Surprisingly Large Number of College Students Taking Out Loans to Buy Cryptocurrency

  • David Dinkins
    ⭐ Features

    A new survey by The Student Loan Report showed that 20% of respondents had taken out loans to buy cryptocurrency.


Surprisingly Large Number of College Students Taking Out Loans to Buy Cryptocurrency

According to The Student Loan Report, fully 20% of college students have used part of their student loans to purchase cryptocurrency. This is a surprisingly large number, even considering the fact that Millennials are the most likely group to invest in cryptocurrencies. Student Loan Report founder Drew Cloud told the Boston Globe:

“Younger Americans are certainly the most enthusiastic about cryptocurrency; they are the most active investors and want to get involved in the space in any way possible. However, I truly thought the percentage would be lower. As a college student, your budget is thin and that extra money could be used on rent, groceries, or books.”

Student loans issued by the federal government come with income-based repayment options, meaning that students can under some circumstances pay as little as $10 a month on a $60,000 loan. Interest rates on federal student loans are also lower than many other forms of debt, making them much more attractive to use for longer-term speculation on cryptocurrency.

Not advisable

It’s a really bad idea to invest more in cryptocurrency than you can afford to lose. While currencies like Bitcoin are almost certainly here to stay, many of the more recently-launched altcoins are probably going to die eventually. Not only that, but even Bitcoin sees its share of booms and busts, so $1,000 invested today could be worth far less later, when the money is needed.

When you need money

It’s been speculated that part of the reason for Bitcoin’s price decline lately has been people cashing out to pay taxes on asset sales from last year. Some of these people may have been blinded by the lofty valuations and simply assumed they could eventually pay their taxes with crypto that had appreciated more. Why pay sell half a Bitcoin to pay your taxes when, in a few months, you think you can pay them with only a quarter of a Bitcoin?

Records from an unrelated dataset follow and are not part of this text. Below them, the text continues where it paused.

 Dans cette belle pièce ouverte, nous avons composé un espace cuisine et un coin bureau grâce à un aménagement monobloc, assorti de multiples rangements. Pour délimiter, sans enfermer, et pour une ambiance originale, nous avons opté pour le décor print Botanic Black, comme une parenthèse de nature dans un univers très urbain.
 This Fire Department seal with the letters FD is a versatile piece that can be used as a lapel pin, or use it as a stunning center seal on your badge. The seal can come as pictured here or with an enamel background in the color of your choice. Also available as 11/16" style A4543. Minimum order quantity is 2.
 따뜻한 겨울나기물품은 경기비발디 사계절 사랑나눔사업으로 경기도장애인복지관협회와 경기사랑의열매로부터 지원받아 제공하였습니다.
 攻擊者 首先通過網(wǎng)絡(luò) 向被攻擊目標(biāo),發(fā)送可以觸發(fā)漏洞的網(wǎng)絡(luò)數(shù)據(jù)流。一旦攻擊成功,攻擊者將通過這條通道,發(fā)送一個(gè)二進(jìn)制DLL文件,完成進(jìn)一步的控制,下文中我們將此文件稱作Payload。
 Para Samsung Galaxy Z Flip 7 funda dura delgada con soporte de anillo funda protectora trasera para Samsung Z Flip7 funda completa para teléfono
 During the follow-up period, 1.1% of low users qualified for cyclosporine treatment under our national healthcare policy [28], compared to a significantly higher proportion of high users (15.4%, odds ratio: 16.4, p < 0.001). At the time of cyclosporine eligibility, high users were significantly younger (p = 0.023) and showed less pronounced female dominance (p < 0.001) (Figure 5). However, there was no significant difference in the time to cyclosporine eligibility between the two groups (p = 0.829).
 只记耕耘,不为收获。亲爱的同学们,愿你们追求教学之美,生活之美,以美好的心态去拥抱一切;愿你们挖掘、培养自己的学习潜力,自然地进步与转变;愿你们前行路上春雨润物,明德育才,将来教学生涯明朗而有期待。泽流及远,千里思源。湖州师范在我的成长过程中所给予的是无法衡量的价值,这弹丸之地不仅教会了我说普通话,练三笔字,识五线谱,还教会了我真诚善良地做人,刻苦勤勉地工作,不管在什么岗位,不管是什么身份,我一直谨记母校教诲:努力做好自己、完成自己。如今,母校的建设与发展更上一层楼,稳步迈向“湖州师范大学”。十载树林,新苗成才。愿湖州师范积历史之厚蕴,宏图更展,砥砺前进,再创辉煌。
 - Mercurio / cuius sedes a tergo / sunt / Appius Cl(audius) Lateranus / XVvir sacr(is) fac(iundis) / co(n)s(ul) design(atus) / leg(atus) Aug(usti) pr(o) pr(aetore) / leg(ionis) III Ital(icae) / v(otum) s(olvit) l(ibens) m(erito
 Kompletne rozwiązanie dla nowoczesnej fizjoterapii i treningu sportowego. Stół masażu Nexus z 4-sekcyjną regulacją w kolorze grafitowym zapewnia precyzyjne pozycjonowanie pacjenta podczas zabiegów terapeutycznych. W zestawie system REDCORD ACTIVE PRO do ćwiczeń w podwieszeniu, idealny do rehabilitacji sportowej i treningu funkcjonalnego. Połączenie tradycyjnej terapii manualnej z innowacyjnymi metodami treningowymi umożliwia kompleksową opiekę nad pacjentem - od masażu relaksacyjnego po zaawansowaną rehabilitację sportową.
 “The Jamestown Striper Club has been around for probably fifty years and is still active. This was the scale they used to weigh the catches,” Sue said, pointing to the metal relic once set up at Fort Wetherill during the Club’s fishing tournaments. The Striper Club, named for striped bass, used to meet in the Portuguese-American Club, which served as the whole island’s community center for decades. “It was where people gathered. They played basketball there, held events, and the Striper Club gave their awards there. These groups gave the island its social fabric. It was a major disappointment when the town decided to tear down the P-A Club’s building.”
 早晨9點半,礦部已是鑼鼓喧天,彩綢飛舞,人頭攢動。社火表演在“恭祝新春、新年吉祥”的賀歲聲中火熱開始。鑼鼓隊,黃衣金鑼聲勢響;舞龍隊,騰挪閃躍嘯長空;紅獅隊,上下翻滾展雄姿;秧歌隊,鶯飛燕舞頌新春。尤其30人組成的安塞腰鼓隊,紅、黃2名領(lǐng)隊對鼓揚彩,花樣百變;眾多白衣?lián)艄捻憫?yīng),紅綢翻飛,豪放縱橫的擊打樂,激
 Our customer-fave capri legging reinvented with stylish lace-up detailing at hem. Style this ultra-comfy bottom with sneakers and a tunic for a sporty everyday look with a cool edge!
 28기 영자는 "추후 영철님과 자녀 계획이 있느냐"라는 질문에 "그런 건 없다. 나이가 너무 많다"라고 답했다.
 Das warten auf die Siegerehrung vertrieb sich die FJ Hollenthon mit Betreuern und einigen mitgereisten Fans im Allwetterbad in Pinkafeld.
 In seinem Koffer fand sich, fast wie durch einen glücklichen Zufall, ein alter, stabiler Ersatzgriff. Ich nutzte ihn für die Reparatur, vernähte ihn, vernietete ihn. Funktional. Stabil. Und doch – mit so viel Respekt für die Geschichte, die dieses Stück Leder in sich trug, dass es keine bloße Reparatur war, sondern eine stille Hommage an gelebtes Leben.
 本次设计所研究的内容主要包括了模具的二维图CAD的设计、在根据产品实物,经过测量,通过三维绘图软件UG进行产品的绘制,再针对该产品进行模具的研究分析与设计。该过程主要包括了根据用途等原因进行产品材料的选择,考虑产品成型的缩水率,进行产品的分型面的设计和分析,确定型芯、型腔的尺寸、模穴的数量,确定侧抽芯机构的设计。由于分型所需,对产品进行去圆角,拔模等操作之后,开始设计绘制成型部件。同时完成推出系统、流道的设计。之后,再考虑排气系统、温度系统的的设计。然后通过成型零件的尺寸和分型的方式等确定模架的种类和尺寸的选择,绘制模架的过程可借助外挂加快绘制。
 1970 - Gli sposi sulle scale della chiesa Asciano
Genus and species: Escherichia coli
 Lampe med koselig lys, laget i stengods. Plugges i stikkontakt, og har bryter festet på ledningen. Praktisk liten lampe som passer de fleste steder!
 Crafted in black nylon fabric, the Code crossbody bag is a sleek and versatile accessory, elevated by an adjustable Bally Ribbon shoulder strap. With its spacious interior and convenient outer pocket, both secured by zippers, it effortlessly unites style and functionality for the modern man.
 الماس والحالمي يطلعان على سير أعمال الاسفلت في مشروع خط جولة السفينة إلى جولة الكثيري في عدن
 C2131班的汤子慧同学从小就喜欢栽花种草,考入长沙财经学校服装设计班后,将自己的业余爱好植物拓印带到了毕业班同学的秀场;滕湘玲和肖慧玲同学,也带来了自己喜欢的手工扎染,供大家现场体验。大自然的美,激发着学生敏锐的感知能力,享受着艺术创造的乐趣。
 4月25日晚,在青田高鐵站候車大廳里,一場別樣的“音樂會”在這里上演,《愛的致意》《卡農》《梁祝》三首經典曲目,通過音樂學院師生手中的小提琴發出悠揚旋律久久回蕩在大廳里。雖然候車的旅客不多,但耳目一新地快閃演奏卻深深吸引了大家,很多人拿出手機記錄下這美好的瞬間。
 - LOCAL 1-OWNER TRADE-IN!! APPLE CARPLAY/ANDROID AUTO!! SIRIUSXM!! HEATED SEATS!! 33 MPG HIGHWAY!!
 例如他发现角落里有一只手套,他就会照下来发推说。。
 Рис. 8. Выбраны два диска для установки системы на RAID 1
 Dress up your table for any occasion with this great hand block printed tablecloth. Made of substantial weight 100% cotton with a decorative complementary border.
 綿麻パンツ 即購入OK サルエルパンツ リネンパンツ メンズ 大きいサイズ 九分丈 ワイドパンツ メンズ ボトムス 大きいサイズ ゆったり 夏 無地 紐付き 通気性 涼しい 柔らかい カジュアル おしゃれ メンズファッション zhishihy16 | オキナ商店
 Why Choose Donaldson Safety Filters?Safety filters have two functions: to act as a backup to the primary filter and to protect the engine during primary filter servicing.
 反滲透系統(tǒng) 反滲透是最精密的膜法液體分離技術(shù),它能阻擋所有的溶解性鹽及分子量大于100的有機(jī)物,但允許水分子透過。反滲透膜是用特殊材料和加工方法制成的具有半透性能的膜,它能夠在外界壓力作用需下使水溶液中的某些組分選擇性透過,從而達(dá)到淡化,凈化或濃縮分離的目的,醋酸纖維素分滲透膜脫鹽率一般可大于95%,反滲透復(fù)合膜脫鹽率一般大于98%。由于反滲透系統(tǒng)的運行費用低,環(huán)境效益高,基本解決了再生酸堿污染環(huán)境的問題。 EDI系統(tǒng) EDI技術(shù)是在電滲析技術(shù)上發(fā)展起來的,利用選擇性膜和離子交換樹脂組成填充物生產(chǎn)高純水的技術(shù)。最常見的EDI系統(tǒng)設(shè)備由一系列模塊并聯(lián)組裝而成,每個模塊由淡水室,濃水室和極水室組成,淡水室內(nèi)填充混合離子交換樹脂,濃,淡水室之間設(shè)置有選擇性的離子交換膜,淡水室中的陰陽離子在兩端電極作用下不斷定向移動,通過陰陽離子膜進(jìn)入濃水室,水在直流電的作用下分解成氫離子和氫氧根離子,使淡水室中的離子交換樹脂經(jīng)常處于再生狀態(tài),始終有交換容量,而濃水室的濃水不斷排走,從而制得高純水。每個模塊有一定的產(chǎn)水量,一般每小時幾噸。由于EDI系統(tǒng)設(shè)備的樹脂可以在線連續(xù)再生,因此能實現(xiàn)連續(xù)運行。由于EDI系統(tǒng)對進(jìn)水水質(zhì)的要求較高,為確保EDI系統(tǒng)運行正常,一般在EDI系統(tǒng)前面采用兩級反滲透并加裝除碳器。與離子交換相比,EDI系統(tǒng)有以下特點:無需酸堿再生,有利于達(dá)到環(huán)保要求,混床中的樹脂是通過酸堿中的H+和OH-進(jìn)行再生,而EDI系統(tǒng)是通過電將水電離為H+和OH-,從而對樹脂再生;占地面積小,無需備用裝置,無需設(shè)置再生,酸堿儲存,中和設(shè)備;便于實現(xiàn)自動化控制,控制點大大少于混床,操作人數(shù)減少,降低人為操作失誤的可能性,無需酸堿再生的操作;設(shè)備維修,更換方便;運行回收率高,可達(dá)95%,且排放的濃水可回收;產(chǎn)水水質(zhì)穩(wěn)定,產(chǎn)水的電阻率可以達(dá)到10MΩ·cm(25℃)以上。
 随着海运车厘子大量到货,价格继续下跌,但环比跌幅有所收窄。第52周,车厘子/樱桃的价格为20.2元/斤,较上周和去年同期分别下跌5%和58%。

The problem, as some are doubtless discovering, is that you can’t count on Bitcoin prices going up forever, at least not in a straight line. Somebody who really needs money next year might end up having to sell a large part of their holdings to pay bills. This author has seen several reports on social media of people investing large amounts in Ether when it was under a dollar, only to be forced to sell long before the price reached today’s levels.